Donnerstag, 12. Februar 2026 |
ÖM | Spiel 1 | EKZ vs RBJ
Im Aufeinandertreffen der beiden besten österreichischen Teams hatten die Juniors in den Anfangsminuten die Oberhand und bestimmten das erste Drittel. In der Schlussminute des ersten Abschnittes gelang jedoch Zell am See der erste Treffer des Spiels. Im zweiten Abschnitt erzielte Luca Auer nach nur 45 Sekunden den erneuten Ausgleich, Adrian Gesson schoss die Red Bulls gegen Mitte des zweiten Drittels in Führung. Im Schlussabschnitt antwortete Zell am See nach nur 17 Sekunden prompt mit dem erneuten Ausgleich und erarbeitete sich in der Folge sogar die Führung, ehe Florian Lanzinger ein spätes Powerplay zum 3:3-Endstand nutzen konnte.

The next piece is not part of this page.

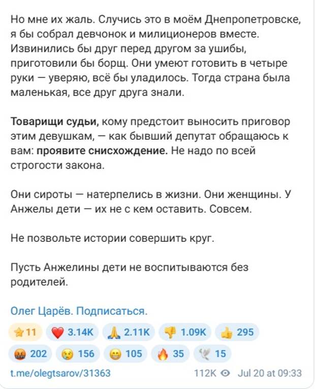 "Товарищи судьи, кому предстоит выносить приговор этим девушкам, — как бывший депутат обращаюсь к вам: проявите снисхождение. Не надо по всей строгости закона" .

Finale der österreichischen Meisterschaft | Spiel 2
Red Bull Hockey Juniors vs. EK Die Zeller Eisbären
14.02.2026 | 19:15 | Eisarena Salzburg

Spielverlauf
Die Red Bull Hockey Juniors starteten druckvoll in das erste von zwei Aufeinandertreffen im Finale der österreichischen Meisterschaft. Erste Chancen der Juniors prüften Zell-am-See-Torhüter Alexander Schmidt, mit hohem Tempo preschten die jungen Salzburger in die Offensive. Den Red Bulls gehörten die Anfangsminuten in der laufintensiven und körperlichen Partie. Luca Kogler verzog nach langem Pass über das Tor der Hausherren (5.), Paul Oberhauser verfehlte nur knapp den Querpass von Paul Schuster (7.) Allmählich gelangten auch die Eisbären besser ins Spiel, große Offensivaktionen der Hausherren blieben jedoch vorerst aus. Paul Reiner probierte es für die Eisbären aus spitzem Winkel (11.), anschließend kamen die Zeller zu ihrer ersten Überzahlmöglichkeit. Mit gutem Stellungsspiel überstanden die Juniors diese unbeschadet und gaben den Eisbären nur wenige Abschlussmöglichkeiten. Zurück in voller Stärke wurde das Spiel nun körperbetonter und deutlich ausgeglichener. Harte Checks und viele Richtungswechsel waren die Folge. Zell am See war nun etwas mehr am Drücker, doch Juniors-Torhüter Luca Haitzmann hielt mit starken Paraden dicht. In der 20. Spielminute belagerten die Eisbären das Tor von Haitzmann, Philip Putnik schob den Puck nach mehreren Rebounds schließlich über die Linie zum 0:1.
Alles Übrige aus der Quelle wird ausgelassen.